Вот ее младшая сестра Мейми присутствовала там — то есть здесь, на этом самом месте на краю заднего двора, откуда открывался вид на замерзшие поля и обнаженные кентские леса вдали, — и Мейми действительно умоляла отца не уничтожать бумаги. Диккенс тогда ответил: «Боже, как бы мне хотелось, чтобы и все письма, когда-либо написанные мной, тоже оказались в этой куче!»
Когда все шкафчики и ящики для хранения бумаг опустели, Генри и Плорн запекали луковицы на углях огромного костра, пока внезапный ливень с ураганом не загнал всех в дом. Впоследствии Диккенс писал мне: «Тогда полило как из ведра… подозреваю, я прогневил Небо своей корреспонденцией».
Почему же Диккенс уничтожил всю свою обширную переписку?
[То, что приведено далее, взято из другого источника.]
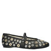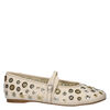 Steve Madden Rejoice-S dames ballerina. Deze trendy ballerina is niet voor de mensen met tryphofobie, maar leuk is hij wel! Uitgevoerd in imitatieleer met metalen ringetjes voor een unieke look. De binnenkant is afgewerkt met een nylon voering voor meer comfort tijdens het dragen. Voorzien van een imitatieleren voetbed met dempende laag. Afgewerkt met een dunne rubberen loopzool.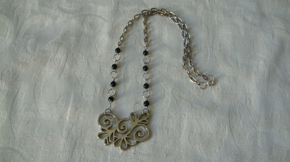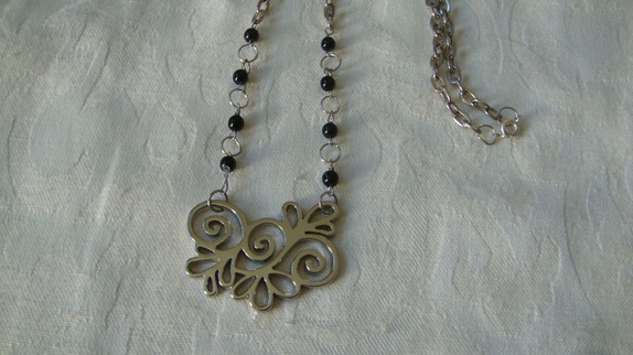 Hålsbåndet er laget av i sølvfarged mettal med 8 sorte perler. Ferdig ned priset se flere smykker i butikken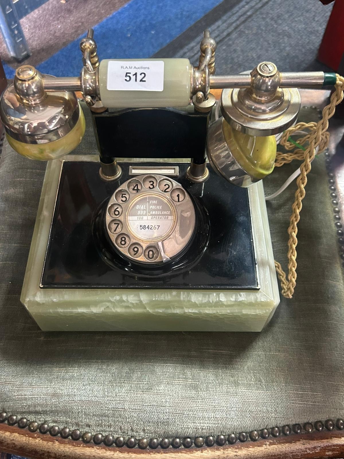 A black Bakelite rotary telephone with a pale green stone base and handset rests, featuring a silver-toned dial with emergency numbers.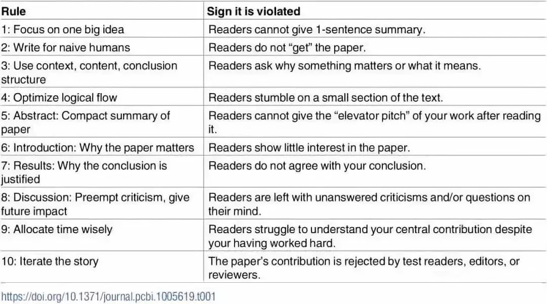 作為一個(gè)作者,如果你不能夠在幾分鐘之內(nèi)向你的同事描述出論文的整體大綱,那么很明顯讀者也無(wú)法做到。你需要進(jìn)一步提煉你的故事。找尋到此類違反優(yōu)秀寫作的行為對(duì)從各個(gè)層次提高論文質(zhì)量十分有益。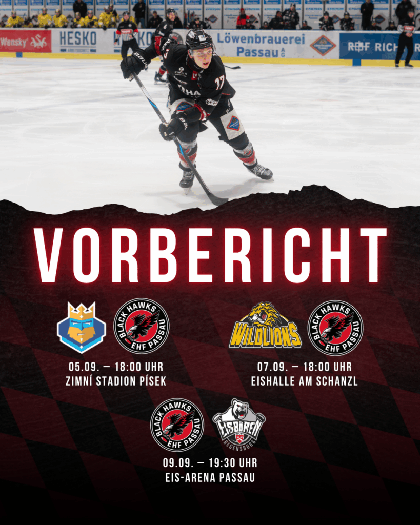 Passau Black Hawks verpflichten Leo Mössinger Die Passau Black Hawks eröffnen am Wochenende ihre Vorbereitungsphase auf die neue Saison. Zu Beginn warten gleich drei Testspiele in fünf Tagen auf das Team von Trainer Petr Bares. Den Auftakt machen die Black Hawks am Donnerstag, den 5. September (18 Uhr) mit einem Auswärtsspiel beim tschechischen Club IHC […]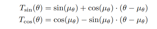 \ \ To amend this, we instead replace cos(·) and sin(·) with linear approximations T(·) evaluated at µθ.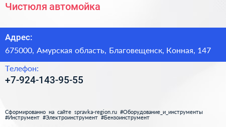 Чистюля, автомойка по адресу 675000, Амурская область, Благовещенск, Конная, 147 в дальнейшем Организация, размещена в следующих категориях: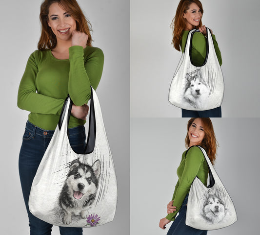 Alaskan Malamute Pencil Sketch Artwork Grocery Bags (3pcs)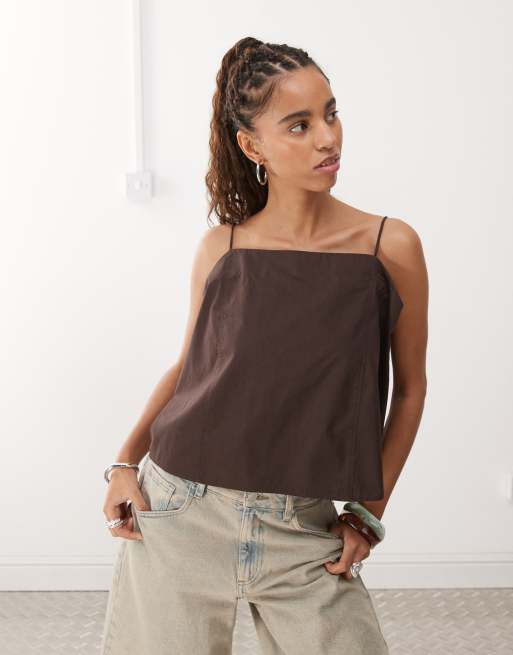 Monki – Trapezförmiges Trägeroberteil in Braun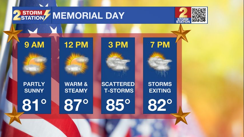 Memorial Day: Through the early afternoon hours, expect warm and humid temperatures quickly heating into the upper-80s, near 90 degrees for a high temperature, under a mix of sun and clouds. By Monday afternoon, a line of storms will approach the Capital Region from the northwest. Scattered storms are likely to move through sometime Monday afternoon, with the greatest coverage of rain along and north of the interstate. Within any of the passing storms, watch our for cloud-to-ground lightning, heavy downpours, gusty winds, and small hail. By nightfall, radar activity will quickly die down. Overnight conditions will be warm and muggy, falling near 74° in Baton Rouge.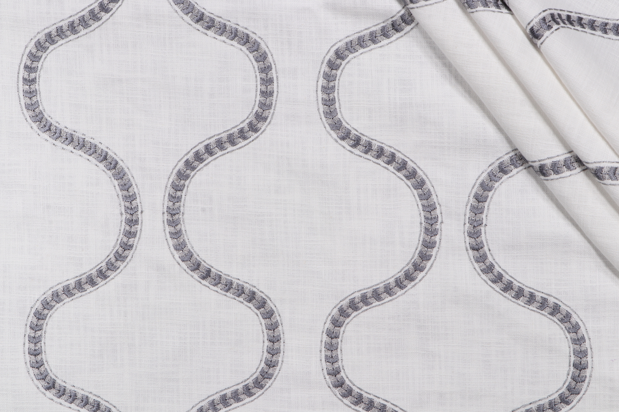 2.75 Yards Richloom Arthur Embroidered Drapery Fabric in Slate Details

В прошлом, 1864 году Диккенс сказал мне, что написал своему старому другу, актеру Уильяму Чарльзу Макриди, следующее: «Я ежедневно видел недопустимое использование конфиденциальных писем, которые становятся достоянием общественности, не имеющей к ним ни малейшего отношения, а потому не так давно развел огромный костер на заднем дворе Гэдсхилла и сжег все до единого письма из своего архива. Теперь я уничтожаю все приходящие мне письма, помимо сугубо деловых, и на душе у меня спокойно».
О каком таком недопустимом использовании он говорил? Иные наши с ним общие друзья (из тех немногих, кто знал о сожжении корреспонденции) предполагали, что после своего неприятного публичного расставания с Кэтрин (ставшего публичным, не следует забывать, по глупости самого Диккенса) он с перепугу представил, как сразу после его кончины разные биографы и прочие литературные вампиры примутся предавать гласности конфиденциальную переписку, накопившуюся у него за много лет. На протяжении нескольких десятилетий, рассуждали упомянутые друзья, жизнь и творчество Чарльза Диккенса являлись достоянием общественности. И он решительно не желает, чтобы письма друзей, с соображениями по поводу самых сокровенных его мыслей, тоже были отданы на потребу праздной публике.
Я держался несколько иного мнения насчет причин, побудивших Диккенса сжечь свои бумаги.
Полагаю, именно я заронил в голову Диккенса мысль об уничтожении переписки.
В моей новелле «Четвертый странник», напечатанной в рождественском номере «Домашнего чтения» от 1854 года, рассказчик, некий адвокат, говорит: «Мой опыт адвокатской практики, мистер Фрэнк, убедил меня, что, если бы все люди сжигали по прочтении все письма, добрая половина гражданских судов в этой стране прекратила бы свою деятельность». Тема гражданских судов премного занимала Чарльза Диккенса тогда, во время работы над «Холодным домом», и позже, в 1858 году, когда семья его жены грозилась подать на него в суд за причиненные Кэтрин несправедливости, включая, надо полагать, измену.